October 17, 2013

The Portuguese pulp and paper industry: myths and reality.

The Portuguese paper industry holds some myths, frequently advertised by some opinion makers. Are such myths real?

1.     The weight of the paper industry in the national economy and, in particular, in the exports, has been the most common belief lately.

If, on one hand, it highlights the contribution of the paper industry in the economy, on the other there is a sharp decrease in the weight of all the forest-based industries in the Gross Domestic Product (GDP) - which was already in decline over the last decade. The weight of the forest-based industries in GDP was 2.2% in 2000 and in 2010 it was only 1.3%. The advertised weight of 3.0% of GDP in the forest sector (forest + forest-based industries) for 2000 is reduced in 2010 for only 1.8%.

The importance of the forest-based industry in the exports gross value corresponds to the increased weight of imports of wood. Part of those Imports comes from countries with dubious management rules on their natural resources.

The increase of business profitability on the forest-based industry has been joined by a sharp decline in the forestry business; with the business risk transfer to hundreds of thousands of private forest owners engaged in the roundwood production (families and rural communities hold 92% of the forest areas in Portugal, 60% of farms have less than 5 hectares). At the end of the chain, the risk is supported by the Society. The lack of business expectations in the forests leads to the absence of forest management. The absence of forest management has serious consequences on forest fires, with devastating effects on the statistics of burned forest areas. The Society annually supports high economic costs and huge environmental and social impacts caused by forest fires in Portugal.

Currently, the domestic pulp and paper industry has a very poor auto supplying capacity; rounding 20% (around 16% is Group Portucel Soporcel).

The presence of the pulp and paper industry in the forest (the area of ​​greatest business risk) is continuously decreasing. Only in the last decade eucalyptus areas held by the pulp and paper industry decreased more than 34 000 hectares. There seems to be a progressive disinvestment in the forest and, consequently, a business risk transfer to the hundreds of thousands of families that contribute to supply this industry.

2.     The excellence management awards are another myth.

For this “excellence” in management evaluation, the unilateral imposition of the roundwood prices to the forest owners has been contributed greatly. Such imposition by the pulp and paper industry is protected by the State, in complete contradiction to the principles of equity and healthy functioning of the markets.

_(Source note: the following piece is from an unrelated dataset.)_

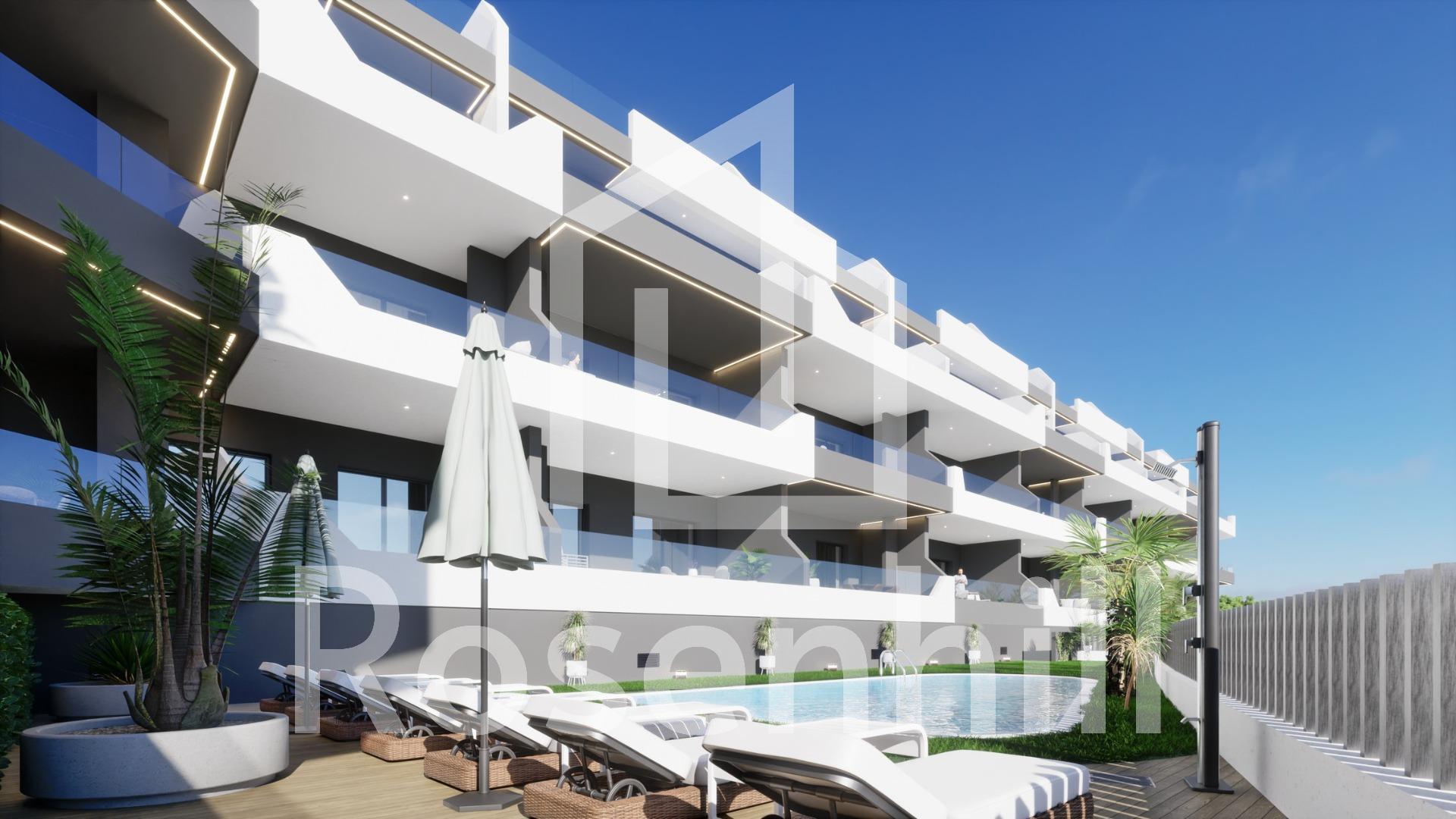 NEW BUILD BUILD RESIDENTIAL COMPLEX IN BENIJOFAR New Build residential complex in the quiet area of Benijofar. Residential made up of 35 apartments and penthouses with 2, 3 and 4 bedrooms and 2 bathrooms, open plan kitchen with the lounge area, fitted wardrobes, terraces.

The luxury of cogeneration profits, guaranteed by the State, has constituted a favorable factor to a good performance management result.

It’s also important to notice that, in 2010 and 2011, Portucel achieved extraordinary overall revenues of about 50 million Euros, generated by tax benefits granted by the State.

3.     The performance in innovation.

The area of eucalyptus in Portugal has increased ten times in the last 50 years (currently the fifth largest in the world), but the national average productivity is the same today as it was previously registered in 1928. The pulp and paper industry had invested in R&D in the past, but currently it has almost abandoned this area, focusing on the quantity instead of quality. However, the risks of quantity production have been assumed by the Society.

After all, everything suggests that the myths associated to the pulp and paper industry in Portugal are nothing but myths. In fact, successive governments have protected the economic interests of shareholders, and its headquarters fiscally addressed in the Netherlands. This state protection is performed on the detriment of families, forests and Territory.

Surely, this is not the type of investment and unsustainable extraction Acréscimo advocates for forest areas and the forest-based industry in Portugal.

Acréscimo is a non-governmental organization that promotes sustainable and socially responsible forest investment. The association is seriously concerned about the high risk of forest fires related to this investment as well as the responsibilities of forest-based industry in promoting this risk (with the complicity of the state) besides a healthy and competitive functioning of markets.